Glitterbomb, like most things in Cambridge, was also educational. It was where I saw live drag for the first time, got too many Drag Race songs stuck in my head, and learnt the dance to Saturday Night through copying everyone else, every Tuesday night. I got sucked into the niche culture created by the Cambridge queer bubble, and found a safe space to call my own. I had my first kiss (the one that counted) here. I don’t think my Fresher self would have ever envisioned turning into the glitter-clad attention seeker dancing in the centre of a crowd in light up trainers, but I think I love this version of myself more than I ever did in my life: I am an unapolegetically confident lesbian who finally loves herself and lets herself be loved.

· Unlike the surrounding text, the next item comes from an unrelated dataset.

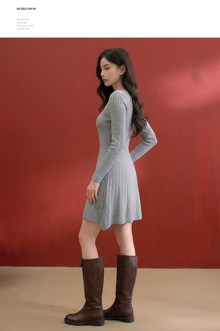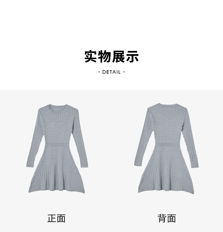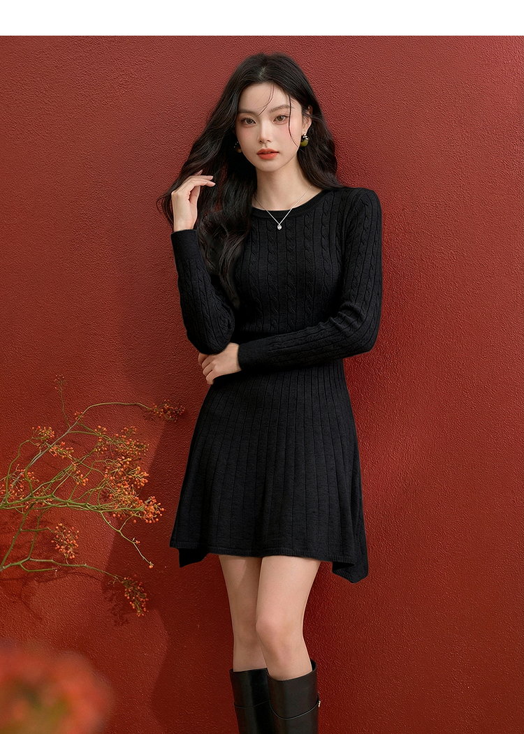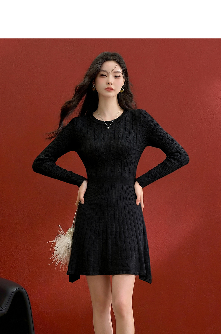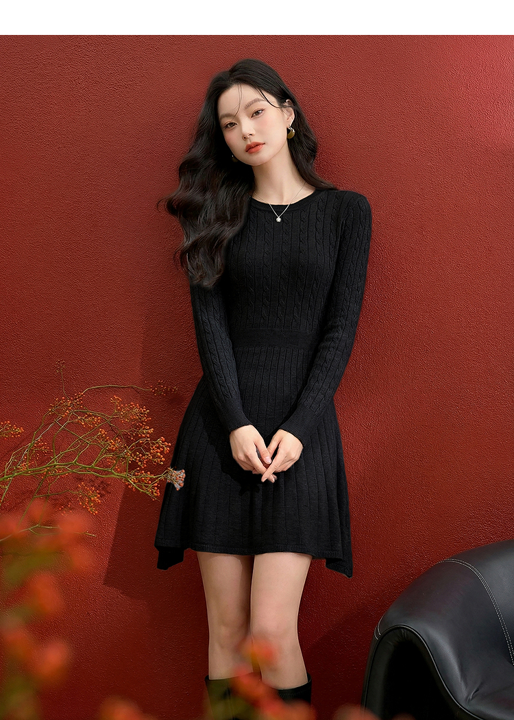 西遇长袖针织连衣裙女秋季新款复古圆领麻花收腰显瘦长裙V0055474/SS051576
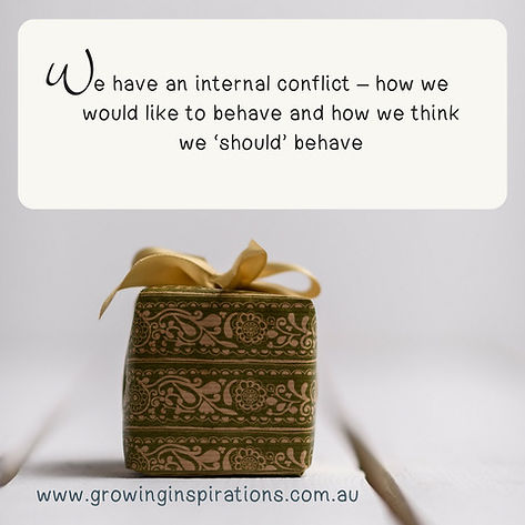 It’s about an internal conflict – how I would like to behave and how I think I ‘should’ behave. We are constantly juggling those two elements and making decisions about how to act, what to say, in order to achieve the outcome that we feel serves us best. The outcome we seek may be family harmony, personal or physical wellbeing or financial benefit. It may be gaining approval or building our sense of our worth.

My last Tuesday night in Cambridge, shortly before we went into lockdown, I invited the few remaining friends in college to my room to finish all the alcohol everyone had left behind. It was quiet and fun – I put on ABBA and other Glitterbomb favourites, and we had a cozy chat. As I laid in bed at 11 pm, it sunk in that I would probably never go to Glitterbomb ever again. Despite still being in Cambridge physically, I found myself mourning Glitterbomb, and its ever predictable set list, the light up dancefloor, the gender neutral toilets with great lighting where friends of all genders can take cute photos.


Mountain View

Finding solidarity in a space that wasn’t designed for me

I didn’t know that my last Glitterbomb would be my last, and I never got to say a proper goodbye to many of my Cambridge LGBTQ+ friends before leaving. I’m lucky enough to have survived a mediocre coming out to some of my family, but I can’t help but think of my friends: those who have returned to even less-ideal homes, or countries where homosexuality is illegal.

Part of me is also filled with an anxiety that, now out of Cambridge, my pre-university persona will return. I’m not ready to leave the new, more fabulous version of myself behind – but I’m also not ready to take her beyond Cambridge. Where do I go from here in a life without weekly Glitterbombs?